Un témoignage tendre et touchant
La beauté interieure est un seule en scène écrit et interprété par Marion Caralles. Nous invitant dans l’intimité de sa chambre, elle nous raconte des tranches de son parcours autobiographique de petite fille et de femme où rôde une galerie de fantômes de son enfance. Elle y convoque tour à tour avec tendresse, colère ou humour, sa relation complexe avec la violence de son père, son excentrique tante Annie, mariée à un millionnaire, ou encore le terrifiant mari pédophile de sa nounou.
Les anecdotes s’enchainent avec une fluidité d’autant plus déconcertante qu’elles ne semblent pas nécessairement liées entre elles.
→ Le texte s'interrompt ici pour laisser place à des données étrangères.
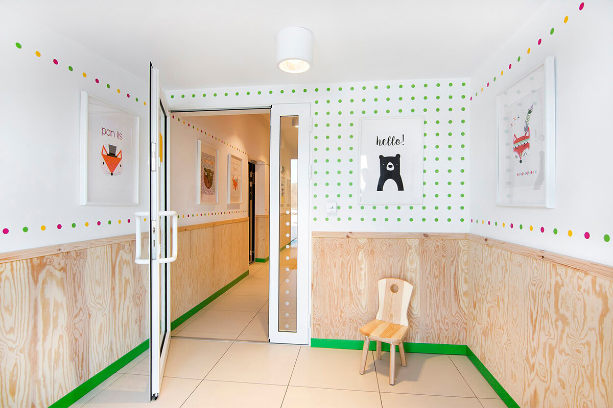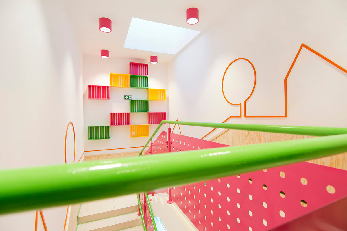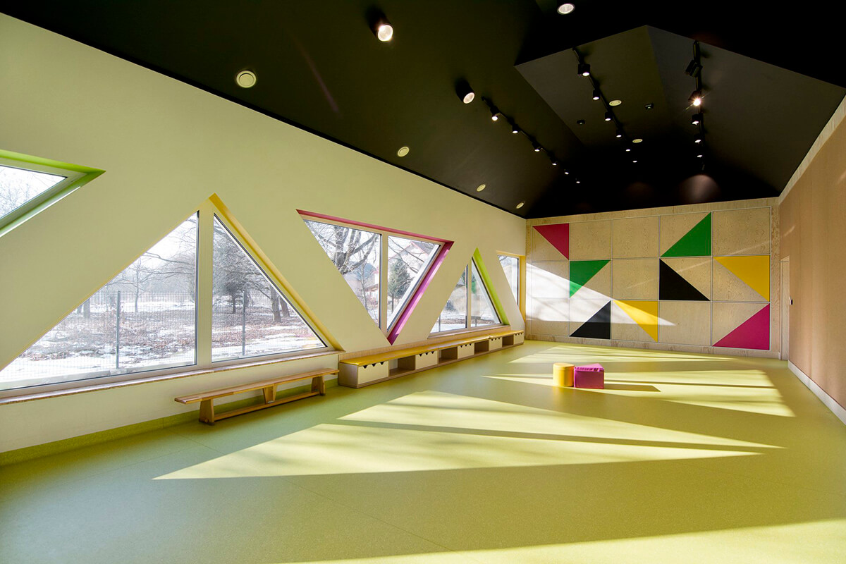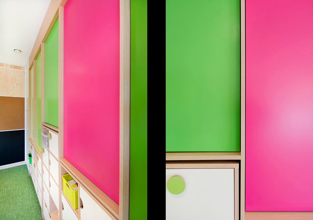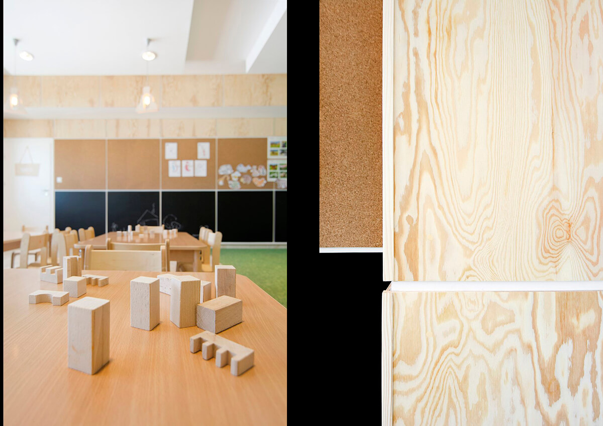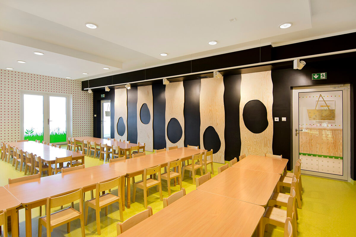W przedszkolu znaleźć można liczne wnęki i skrytki dla dzieci. Ich formy przywodzą na myśl charakterystyczne motywy leśne, czy wiejskie. Gama kolorystyczna złożona z odcieni żółci, pomarańczy i zieleni skontrastowana została z mocną magentą oraz czarnymi powierzchniami farby tablicowej.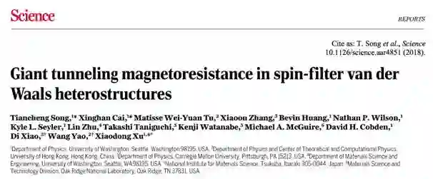 当今时代的信息爆炸性增长和后摩尔技术需求,都对增加数据储存密度,降低能耗提出了挑战。自旋电子器件应运而生,Albert Fert 和 Peter Grünberg也因发现巨磁阻效应而荣获1987年诺贝尔物理学奖。近日,华盛顿大学许晓栋教授领导的科研团队将巨隧穿磁阻效应推向二维。他们利用原子级厚度的二维磁性材料三碘化铬(CrI3)尝试编码信息,从而大幅度提升信息存储密度、降低能量耗损。该研究成果已于上周在Science线上发表,有望应用于研制新型存储器件,革新现阶段的消费电子设备和计算技术。论文共同第一作者是来自中国的宋天城博士研究生和蔡星汉博士,通讯作者是华盛顿大学许晓栋教授,香港大学姚望教授和卡内基梅隆大学的肖笛教授。1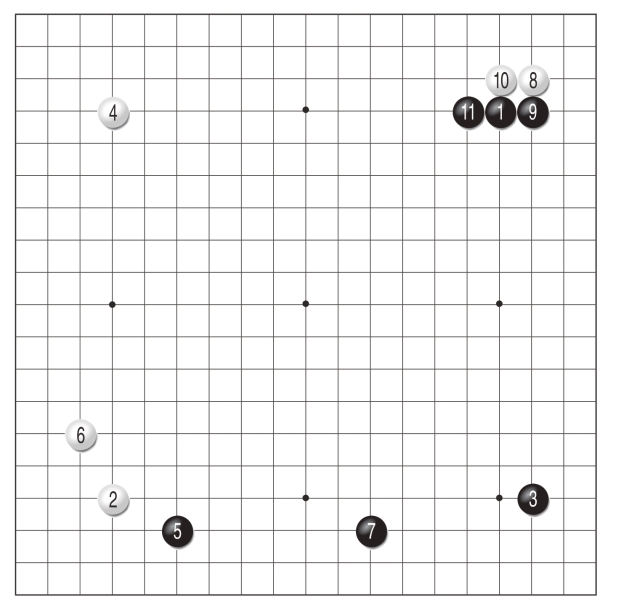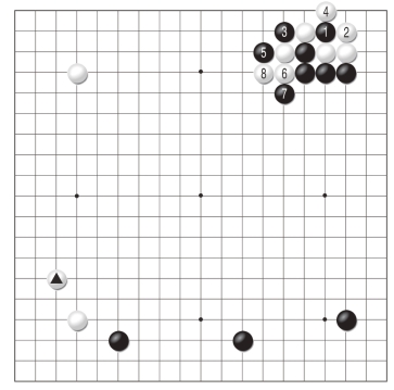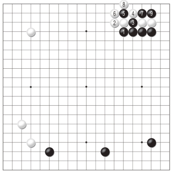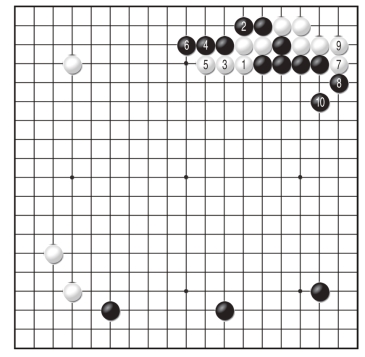 白1跳出也是可以选择的下法,黑2冲,之后4位断显得有些急躁,按照断哪边吃哪边的原则,白5是正确的下法,黑6、黑8吃角,白9贴,黑棋开局选择的是快速展开,现在却又去捞角地,这个下法有违黑棋的初衷。

Ce spectacle tire plusieurs fils rouges tels que la question de l’hypocrisie et la perversité du monde artistique, les humiliations subies, mais également sa (re)construction en tant que femme et artiste pleine et entière ou encore la quête de la reconnaissance, de la beauté, de la confiance en soi et de la libération face à toutes ces cages où ses fantômes ont voulu l’enfermer. Marion Corrales nous offre une œuvre plurielle, rayonnante de sincérité et de générosité.

Une magnifique interprète au service de la beauté
Sur scène, la comédienne est solaire. Excellente conteuse, elle emporte les spectateurs d’anecdote en anecdote avec un juste équilibre entre légèreté et humour, sans lourdeur ni moralisation, et ce malgré des propos d’une certaine gravité et particulièrement intimes pour elle. Et lorsque les mots parlés ne suffisent plus, elle entremêle à son récit des chansons originales, magnifiquement interprétées et véritable vecteurs des émotions du personnage. Impossible notamment de ne pas être saisie lorsqu’elle chante comment son expérience du harcèlement au collège lui donnait le sentiment d’être en cage.
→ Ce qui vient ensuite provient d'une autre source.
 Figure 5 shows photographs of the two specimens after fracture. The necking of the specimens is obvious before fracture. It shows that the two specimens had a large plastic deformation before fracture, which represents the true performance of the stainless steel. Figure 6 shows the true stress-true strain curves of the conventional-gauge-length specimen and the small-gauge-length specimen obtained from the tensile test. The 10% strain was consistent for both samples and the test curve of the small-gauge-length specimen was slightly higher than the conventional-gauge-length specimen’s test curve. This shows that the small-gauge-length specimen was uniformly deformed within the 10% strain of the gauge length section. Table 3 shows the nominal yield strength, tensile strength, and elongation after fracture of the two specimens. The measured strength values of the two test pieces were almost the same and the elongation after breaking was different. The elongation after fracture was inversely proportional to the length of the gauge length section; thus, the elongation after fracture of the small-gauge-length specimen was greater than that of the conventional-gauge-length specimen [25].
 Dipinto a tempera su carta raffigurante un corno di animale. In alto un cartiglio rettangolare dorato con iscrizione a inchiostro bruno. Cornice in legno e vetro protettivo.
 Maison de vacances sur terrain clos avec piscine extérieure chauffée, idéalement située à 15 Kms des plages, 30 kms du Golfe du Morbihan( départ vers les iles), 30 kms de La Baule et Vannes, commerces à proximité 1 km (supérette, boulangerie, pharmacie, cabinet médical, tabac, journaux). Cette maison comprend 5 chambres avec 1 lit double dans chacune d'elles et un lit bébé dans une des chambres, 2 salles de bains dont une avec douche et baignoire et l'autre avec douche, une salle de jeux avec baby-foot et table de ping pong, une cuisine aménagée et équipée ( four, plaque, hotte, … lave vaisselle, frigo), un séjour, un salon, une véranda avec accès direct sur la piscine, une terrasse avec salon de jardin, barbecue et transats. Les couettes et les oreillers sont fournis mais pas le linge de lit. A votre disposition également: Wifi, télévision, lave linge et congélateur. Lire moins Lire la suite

Pour parfaire le tableau, le spectacle s’appuie sur une scénographie et des costumes très riches. Sur scène, c’est un assemblage poétique de lampes de chevet, d’un lit encombré de costumes, d’un lustre, d’un fauteuil, d’une fenêtre encadrée de rideaux, d’une plante verte et d’un grand M sur le mur – à mi-chemin entre un salon et une chambre à coucher. Les jeux d’ombre et de lumière particulièrement aboutis créent une atmosphère intime, tamisée, mystérieuse ou parfois inquiétante, en parfaite adéquation avec les histoires entremêlées. Le travail de mise en scène est également très inspiré d’univers cinématographiques, suscitant de véritables images de films : le gangster dans un rond de lumière de projecteurs, les flashs des appareils photos d’un shooting oppressant, ou encore la chaleur de la dernière lampe allumée dans un salon en fin de soirée.
Ce seule en scène est présenté pour encore trois dates au théâtre de la Concorde. Un rendez-vous à ne pas manquer et une actrice dont le travail est indéniablement à suivre !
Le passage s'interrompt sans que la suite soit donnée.